4. Identify your competition and collaborators.
The regulations surrounding cannabis make it a tricky landscape to navigate. This is a great time to learn from your competitors while also seeking out companies to collaborate with. Identify brands that align with your core values and consider cross-promotion and strategic partnerships.
This can be beneficial in terms of things like lobbying efforts regarding branding and marketing restrictions and buying power to lower the cost of materials. It’s also a great opportunity to engage ancillary services to cannabis such as real estate or health and wellness, opening your brand up to new markets and clientele.
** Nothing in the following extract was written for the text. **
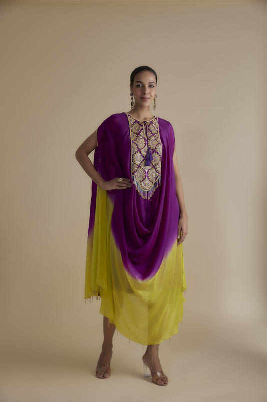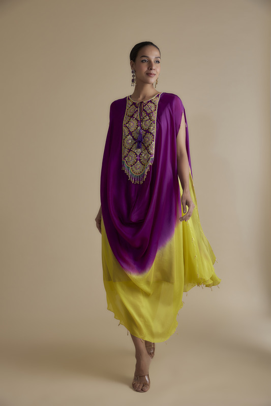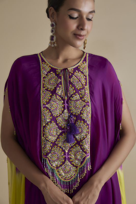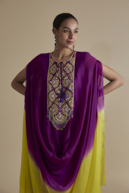 MULTICOLOURED SEQUINS EMBROIDERED OMBRÉ SILK ORGANZA KAFTAN DRESS PAIRED WITH A SEPERATE LYCRA SLIP

Earlier this year, licensed producer DOJA partnered with Cannabis Amnesty, a not-for-profit organization dedicated to expunging the criminal records of people with minor cannabis possession charges. DOJA created a line of streetwear called PARDON to bring attention to the cause while staying true to their recreational brand identity.
5. Know your market.
The cannabis market can be broken down into two streams: medical and recreational. Start by identifying the market you want to target and then get specific.
Cannabis appeals to a wide variety of people, even within the two broad classifications. Some medical patients may be long-time consumers, others may be post-legalization curious. The type of message needed to speak to each audience differs greatly depending on the user’s prior knowledge, experience and the desired effects of using the product. Identifying a niche message, how to deliver that message, and what channels to distribute that message across will help you reach your audience and create a meaningful interaction.
This applies to the recreational side as well.
BRNT, an Albert-based cannabis accessories brand targets both new and seasoned consumers with beautifully-constructed pieces that can be proudly displayed instead of tucked away. By identifying a market that is shifting away from stigma, BRNT is part of a larger movement to elevate cannabis consumption and consumers.
Editor’s note: Vapium and BRNT are clients of RNMKR PR.